HELREIDH
country: Italy
style/genre: Symphonic Metal, Prog Metal, Italian Metal, etc.
website: http://members.tripod.com/~helreidh/index.html (ポップアップ広告が突然いくつか出るので、お気をつけて)
related bands/artists: Black Jester, Asguard, Meave of Connacht, etc.
similar bands/artists: Hemisphere, Taliesyn, Top Left Corner, Last Warning, Shadow Gallery, etc.
artist info: シンフォニック且つエピックなサウンドを追及していたイタリアのProgPower系グループ。



Helreidh - Memoires
99th Floor/Underground Symphony
(1997)

数多くのイタリア出身のバンドを多く輩出したことで、知られているUndergound Symphonyレーベル。HelreidhもUnderground Symphonyの初期からの色合いを受け継いだ、シンフォニック且つドラマティック指向のイタリア系のメタルバンドと言えるでしょう。ただし、この当時のイタリアのグループは、プロダクションを始めとするトータルの面で、あともう一歩というところの作品が少なくなったのでありますが、サウンド的には彼らもいい線を行っているものの惜しいといわざるを得ません。序盤の方では、彼らのウィークポイントとでも言うべき、サウンドの厚みと深みが足らない点がある一方で、次第に次第に聴き進めていくと楽しめるポイントがたくさん出て来ると思います。

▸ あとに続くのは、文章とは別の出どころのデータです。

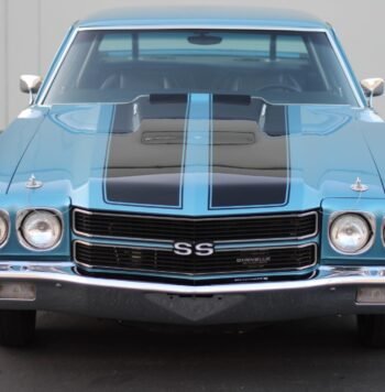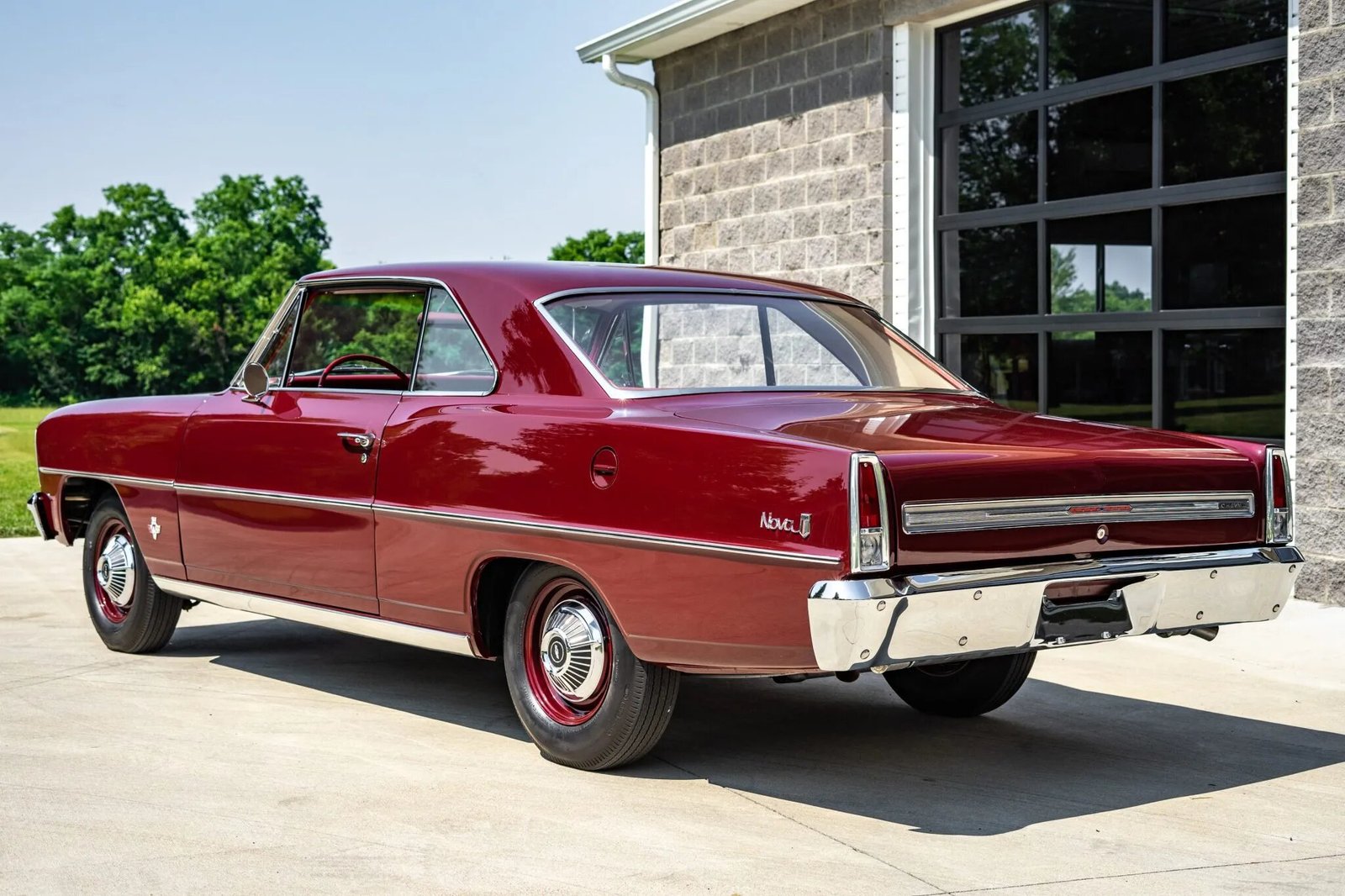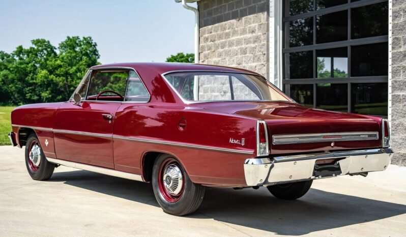 This 1966 Chevrolet Chevy II Nova is powered by a 327ci L79 V8 mated to a four-speed manual transmission and a 12-bolt rear axle and is finished in maroon over red upholstery. Equipment includes 14″ steel wheels, a dual exhaust system, drum brakes, chrome bumpers, a heater and defroster, and a Delco push-button AM radio.

もっとアイデアを練って、丁寧なサウンド作りと曲構成で頑張っていたならば、Shadow GalleryBlack Jesterなどが好きな人たちをおおいに振り向かせるところまで行っていたかもしれない?と考えるのはどんなでしょう・・。確かにこのグループは、肝心のシンフォニックな部分を司るKeyboardのサウンドに厚みが足らないせいか、最初の掴みが大変弱いのが勿体無いです。ですが、上でも挙げたように、中盤ぐらいから演奏展開もスリリングで、本来彼らが演出したいドラマティックな部分も前面に出てきて、いい部分も結構あります。作品として出す前に、もっと見直しと磨きをかけていれば、さらによくなっていた作品と思うだけに残念。あとは、イタリアのプログレ系列の先達として素晴らしいグループやミュージシャンがいるのだから、お手本として彼らから学ぶべきものもがあったように感じました。付け加えるなら、楽器やプロダクションの充実度を測る必要があったようにも思いました。

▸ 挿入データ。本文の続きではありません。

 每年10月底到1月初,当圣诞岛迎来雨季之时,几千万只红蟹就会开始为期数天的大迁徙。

色々と気付いた点というか、マイナス・ポイントにどうしても目が行きがちでありますが、シンフォ性やドラマ度を始め、ここぞというところで見せるエピック指向を加味したProg MetalやPower Metal的な部分は、他のイタリア勢となんら変わらない素晴らしい部分も充分にあります。一般のProg Metalリスナー全てにアピールするとは思いませんが、イタリア系のメタル全般が好きな人やエピック指向やシンフォニックメタル路線の色合いが濃いProg Metalタイプが好きなら、充分聴きこめば楽しめると思います。まずは、中盤から後半で登場する楽曲から、攻略することをお薦めする作品です。初期のItalian Prog Metalのマニア層には、妙に評価が高い作品ではありますが・・うーむ、どうなんでしょうね。ちなみにHelreidhというバンド名の由来は、中世の時代に北欧の人々によって話されていた言語から来ているらしい。(購入盤Review)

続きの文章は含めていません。